Martyr A.D.はこの間紹介した同じくミネアポリスのハードコアバンドDisembodiedが解散後に、楽器隊(ギター、ベース、ドラム)の3人が新しく1999年に始めたバンド。残念ながら2005年には解散してしまっている。(かわりにDisembodiedが再結成している模様。)Disembodiedがかっこよかったので買った次第です。
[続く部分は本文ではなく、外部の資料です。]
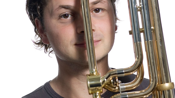答:我在小学的时候学习过两年竖笛(Recorder),这在原来的奥地利小学是一个传统。我来自一个奥地利的小村庄,那里有一个管乐团,经常在教堂和其他一些场合演奏。受到这个管乐团影响,我开始学习小号,两年后有学习过上低音号,最后开始正式学习长号。在我18岁时,我才开始接触低音长号,原因是我那时的高音区不是很好。换到低音长号后,我的演奏就越来越好了。但我演奏爵士乐或其它音乐形式的时候,也会吹次中音长号。

いわゆるメタルコアというジャンルに属するバンドで、この場合のメタルコアその名の通りメタルとハードコアをくっつけた、1990年台後半にアメリカで勃興した音楽のことを指す。とにかくガッチリ金属質に武装したギターが装飾性のない鉄塊のようなリフを刻みまくるハードコアで、ハードコアの一つの信条であるスピードを犠牲にしてでもハードコアにはなかった重さを獲得しにいっている。メタルにありがちなこってりとした様式美はなく、良くも悪くも形を強引に拝借してきたようなストレートなブルータルさが特徴だろうか。どうしてもメインストリームに躍り出た激しい演奏と一点メロディアスなサビの対比が思い浮かんでしまうが、このバンドはそのようなキャッチーさとは無縁。
Disembodiedと何が違うかというとブルータルながらひたすら内にこもるような陰鬱さ、暗さがあったそちらと違って、どう聞いても明るいとはいえないのだがそれでもやや外向きに開かれた音楽を演奏しているのがこちらのバンド。なので聞きやすいというかとっつきやすいのはこちらかな?と思う。ボーカルは前バンドから人が変わっていてこの人は基本的にほぼスクリームしかしていない。いい感じに汚さのある荒々しいボーカルはやはりハードコアで、Disembodiedのボーカルの用いていたボソボソクリーン(ほぼ聞き取れない)のような技は使わないのでもっとピュアで攻撃的なハードコア。ほぼリズムだけで構成されているような、低音プラス(おそらく)ハーモニクスを聞かせた超高音の対比をバリバリに聞かせたモッシュパート(尺的には結構短い)も健在というか、より磨いてきていて、その他のリフもハードコア文脈的にひたすら攻撃的なので自然と体が暴れだす危険な音楽になっている。基本的には圧殺するような低音リフを中速で刻みまくり、曲によってはツーバスを踏んだりしてかなりデスメタリック。中音厚みがあり抜けのあるドラムの音と、ギロギロしたベース、吐き捨て型のボーカルでハードコアらしさを保っている。曲の方もよくよく練られているものの(テンポチェンジだけでない展開の妙がある)、無駄を削ぎ落とした非常に肉体的なものできっちりメタル”コア”をやっている印象。
ゴリゴリのメタルコアを聞きたい人は是非どうぞ。非常に筋肉質であくまでもハードコア。Disembodiedであったややドリーミィな陰鬱さはきれいに払拭されてよりピュアになった印象。